Final answer:
There are 1,000,000,000 possible SSNs, 62,500,000,000 have only even digits, 10,000 are palindromes. There are 387,420,489 SSNs with no 8, 612,579,511 with at least one 8, and 43,046,721 with exactly one 8.
Step-by-step explanation:
a) There are 10^9 = 1,000,000,000 possible SSNs. Out of these, half will be even (since the last digit is even), so there will be 500,000,000 even SSNs. To have only even digits, we need to consider that the second, fourth, sixth, and eighth digits can only be even numbers (0, 2, 4, 6, or 8).

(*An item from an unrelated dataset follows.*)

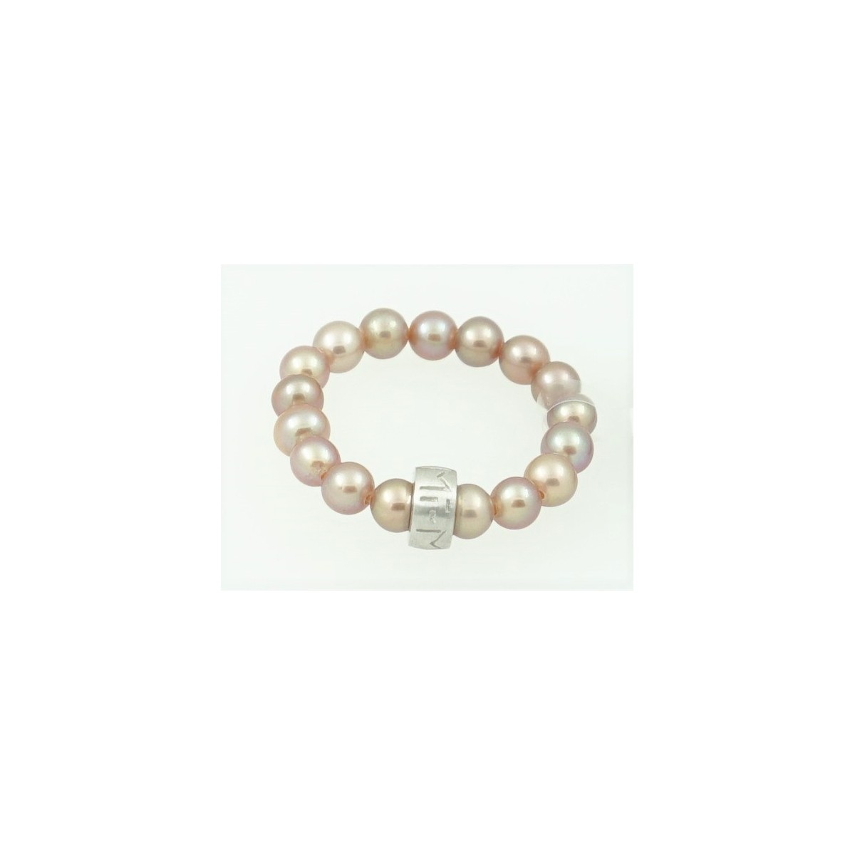Anello linea elastica in perle sfera piccola viola lilla e argento con rondella logo Mimì in argento 925 - taglia 12,14,16

Each of these digits has 5 possible choices, and the remaining digits can be any of the 10 choices, so the total number of SSNs with only even digits is 5^4 * 10^5 = 62,500,000,000.
b) A palindrome reads the same forwards and backwards. In an SSN, the first and ninth digits need to be the same, the second and eighth digits need to be the same, and so on. For each pair of digits, there are 10 choices, so there are 10^4 = 10,000 possible palindromic SSNs.
c) To have no 8, we need to consider that each digit can be any of the 9 choices (excluding 8). So the total number of SSNs with no 8 is 9^9 = 387,420,489. To have at least one 8, we subtract the number of SSNs with no 8 from the total number of SSNs, which gives us 1,000,000,000 - 387,420,489 = 612,579,511.
To have exactly one 8, we can treat the 8 as a distinct digit and the remaining 8 digits can be any of the 9 choices, so the total number of SSNs with exactly one 8 is 9^8 = 43,046,721.